About Hospitality.fm
It is a podcast network focused on short-term rentals and hospitality, founded by Wil Slickers.
Women Leading Travel & Hospitality
It is an executive community for women in travel, offering events, coaching, and networking.
Snigdha’s Views:
- With these two acquisitions, Skift is pulling two high-engagement verticals, STRs and executive leadership, into its owned media ecosystem.
- Hospitality.fm gives Skift more than just content; it gives them direct control over how STR topics are shaped, packaged, and distributed across platforms like LinkedIn, YouTube, and TikTok.
- In our earlier interview with Wil, he shared how Hospitality.fm was built to help STR voices get discovered and monetized. That mission now expands with Skift’s global reach.
- Women Leading Travel & Hospitality, meanwhile, plugs directly into Skift’s B2B monetization engine, offering a structured, paying community of women executives that can be layered into events, content series, and advisory programs.
- For short-term rental managers, this means more STR-focused media from a mainstream travel outlet, and potentially more opportunities to get featured, heard, or involved.
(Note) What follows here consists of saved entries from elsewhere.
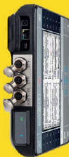
Recolector de Datos

WiSER 3X can easily and reliably connect to most 3rd party vibration and balancing instruments using the optional WiSER Universal Receiver.
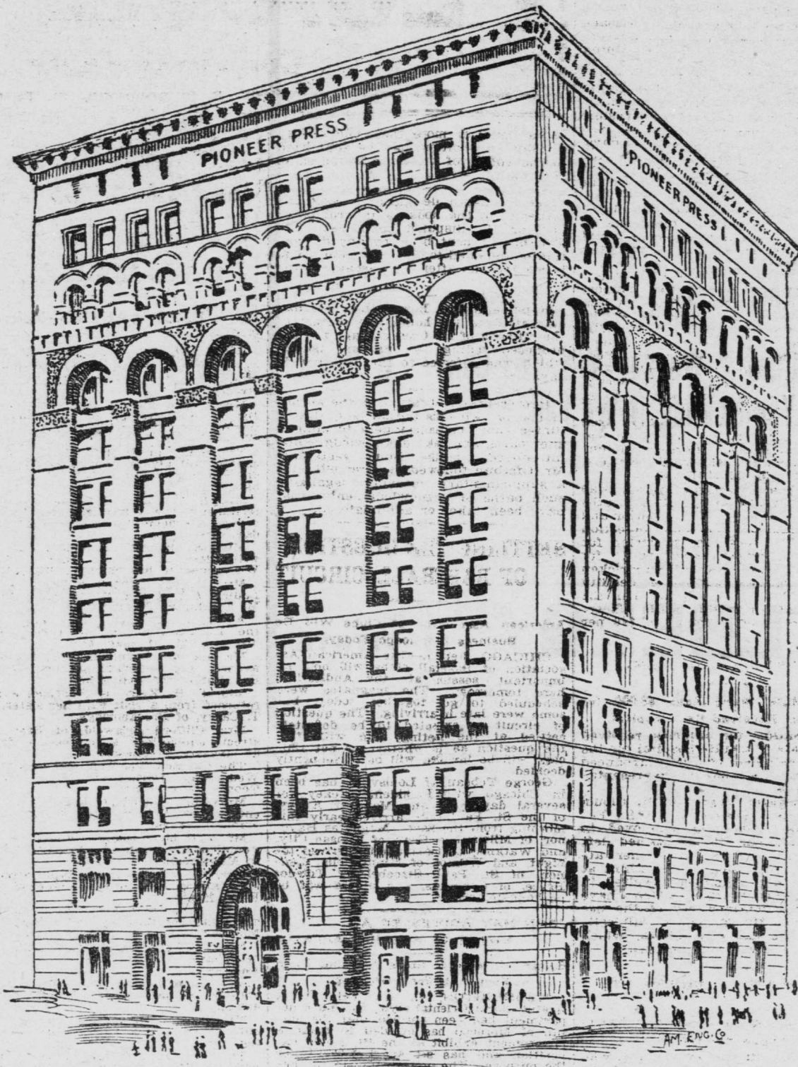
PIONEER PRESS BUILDING, CORNER FOURTH AND ROBERT STREETS.
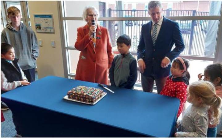
Cutting BCUC Birthday Cake

169 BCUC Online subscribers 1.5k views of BCUC videos in the last month 125 average monthly attendance 199 individuals in the past month 219 weekly email subscribers
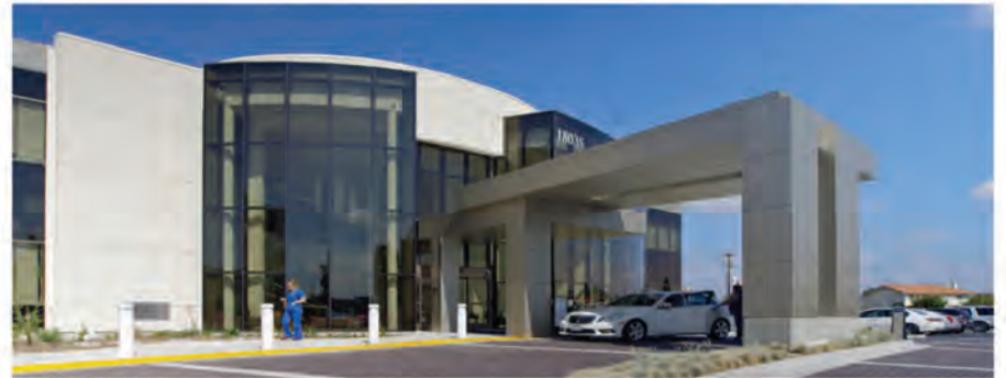
Orange Coast Memorial Health & Wellness Pavilion, Fountain Valley.
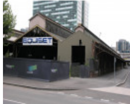
NO.2 GOODS SHED SOHE 2008
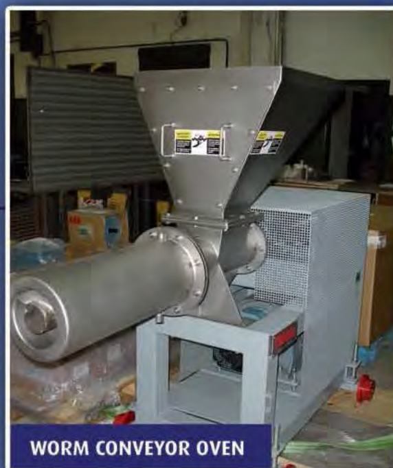
WORM CONVEYOR OVEN

MACHINERY MANUFACTURERS WITH CE MARKING IN COMPLIANCE WITH MACHINERY DIRECTIVE 2006/42/CE
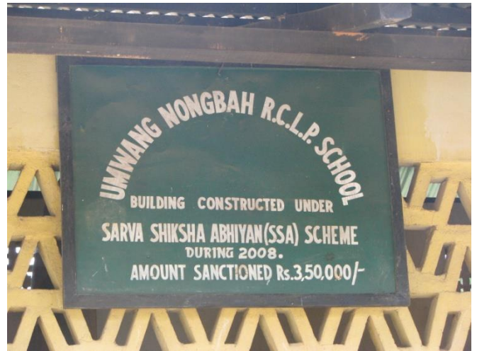
School Building and toilets constructed under SSA
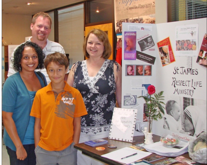
Our Ministry Fair draws all ages
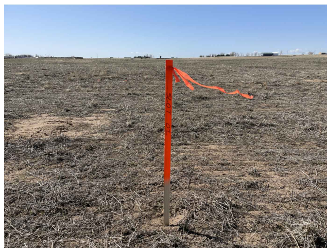
VIEW 5 — SOUTH
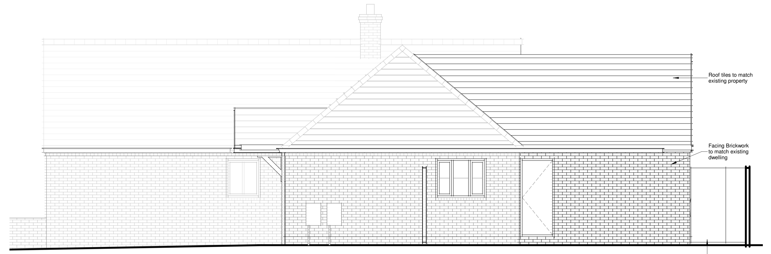
Side Elevation (North) 1 : 50
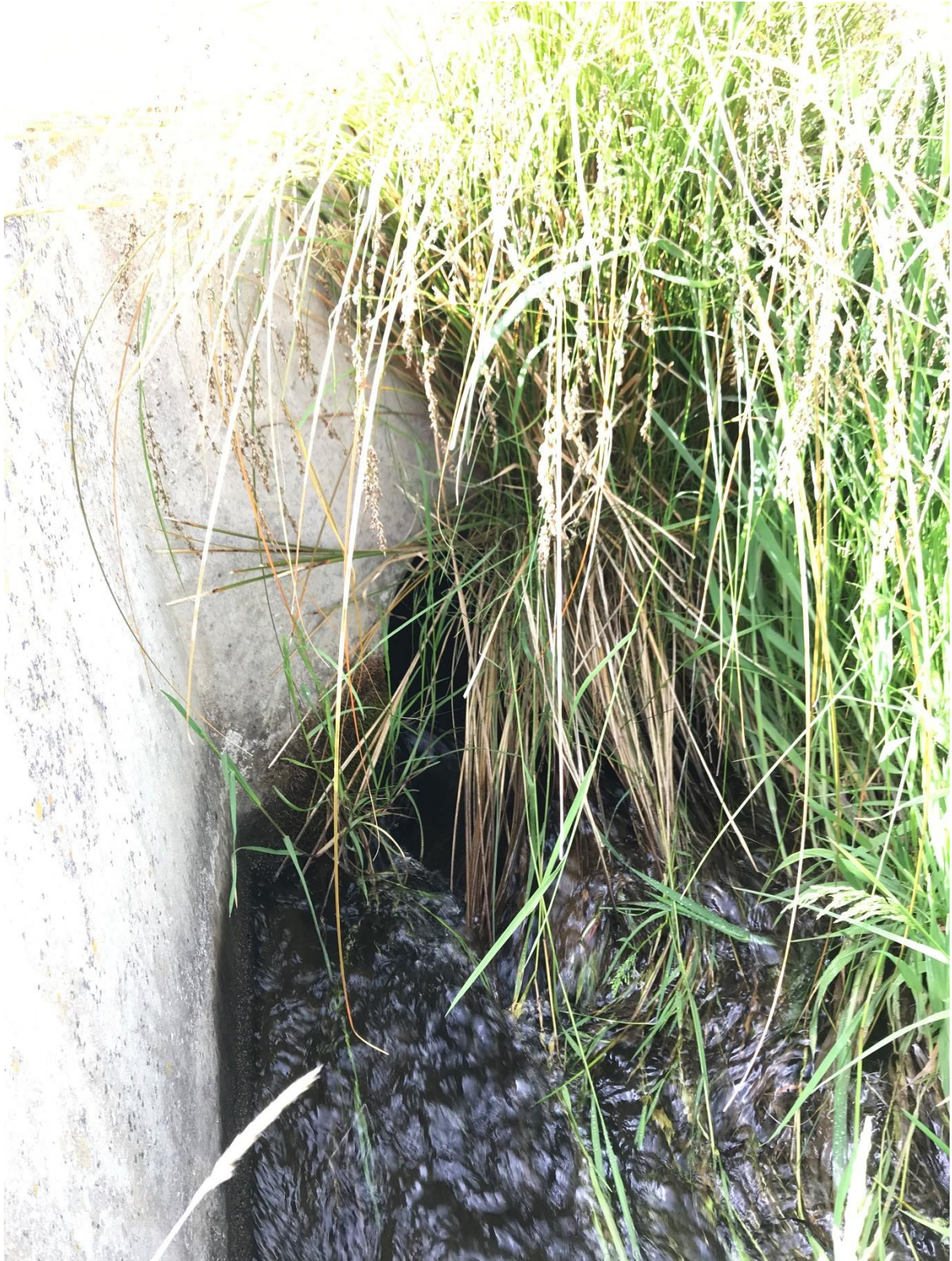
Figure 3: Schoolhouse race SH6 culvert outlet
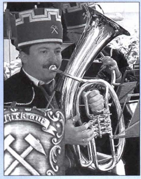
Figure 2. Frequent festivities are held celebrating the mining tradition. On the hat of this musician are the famous "crossed hammers" ("Eisen und Schlägel"), the symbol of the miners in the Saxony and Bohemia regions. Inset: close-up of pewter chalice with "crossed hammers" and the miner's greeting "Glück auf!"

alf a millennium ago, alchemy was maturing into chemistry by advancing on two fronts: medicine and mining. In medicine, Paracelsus (Phillipus Aureolus Theophrastus Bombastus von Hohenheim, 1493–1541) was promoting the use of chemical preparations and preached that a medicine possessed a quintessence that could be extracted and used to combat disease.<sup>1</sup> In mining, Georgius Agricola (Georg Bauer, 1494–1555) was preparing classic treatises on mining and metallurgy.<sup>2</sup> The most famous work of Agricola was De Re Metallica, which appeared a year
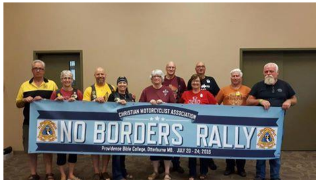
Mamitoba NO Borders Attendees

This rally was the best we have ever attended. The facility was fabulous. The speakers were all very interesting and all brought forth a thought provoking message. The praise and worship team worked well together and so the music was very good. The foyer was large enough and very comfortable to facilitate visiting and fellowship beyond the sessions. With almost everyone on the grounds either in the dorms or camping there was such a feeling of unity. The taste and selection of food was top rate.
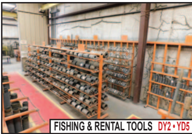
FISHING & RENTAL TOOLS DY2 • YD5
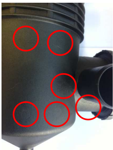
MANN+HUMMEL: Tool ejector marks almost invisible
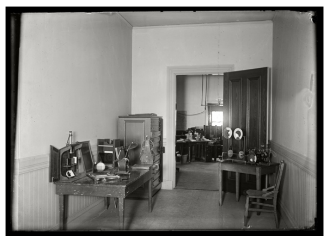
Philosophy and Psychology Lab, 1911
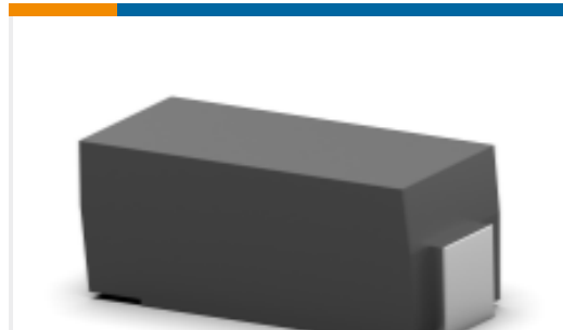
TE Part #4-2176459-4 SMW 7W 6R2 5% Taped
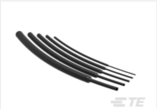
TE Part #NB14634001 VERSAFIT-3X-1/2-0-SP
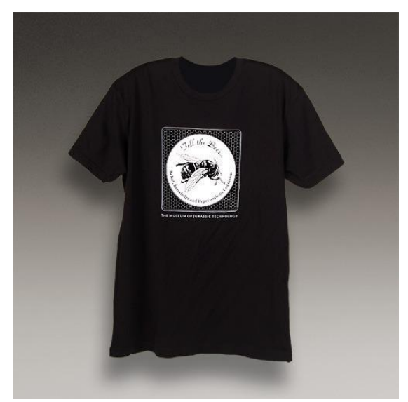
Hazan-Fig 7. Tell the Bees T-shirt, Museum shop, Museum of Jurassic Technology shop

The message of the narrativere resembles the Hellenistic Greek tradition of tying a piece of funeral crepe to a beehive and the practice of bringing 'funeral sweet hives for the bees to feed upon' (see museum website). According to the Hellenistic Greek/ Jurassic tradition, in this way, the bees are then invariably invited to the funeral and have, on a number of recorded occasions, seen fit to attend. The narrative ends in a plea: Like the bees from which this exhibition has drawn its name, we are individuals, yet we are, most surely, like the bees, a group, and as a group we have, over the millennia, built ourselves a hive, our home, not to turn our backs on this carefully and beautifully constructed home especially now, in these uncertain and unsettling times. (Museum of Jurassic Technology website narrative). You can, of course purchase the <i>Tell the Bees T-shirt from the museum shop for less than $20<sup>xxix</sup>.

Ocean City Voters Reject Proposed Short-Term Rental Restrictions in Close Special Election
- In a narrow vote, Ocean City, Maryland, residents have overturned a proposed ordinance that would have imposed strict new limits on STRs.
- The measure, originally approved by the city council in March, failed in a special election with 834 votes against and 800 in favor.
- The ordinance would have introduced a minimum five-night stay for short-term rentals in Ocean City’s R-1 single-family districts and MH mobile home district in 2025 and 2026, escalating to a 31-night minimum starting in January 2027. More than 4,000 homes across these six zoning areas would have been affected.
- Local group, Ocean City, Maryland Property Rights Inc., led a successful petition campaign, arguing that the ordinance ignored the area’s longstanding vacation rental culture and would hurt the local economy.
- The campaign collected 1,327 signatures and mobilized voters to oppose the ordinance.
Snigdha’s Views:
- Ocean City just joined a small but growing list of U.S. cities where residents have pushed back, and won, against strict STR rules
- It’s similar to recent efforts in Missouri, where STR owners successfully fought back against reclassification and tax hikes.
- STR operators and property managers should take note: organized, data-backed advocacy can work.
- The era of sweeping, unchallenged STR crackdowns may be fading, especially in vacation towns where the economic upside is hard to ignore.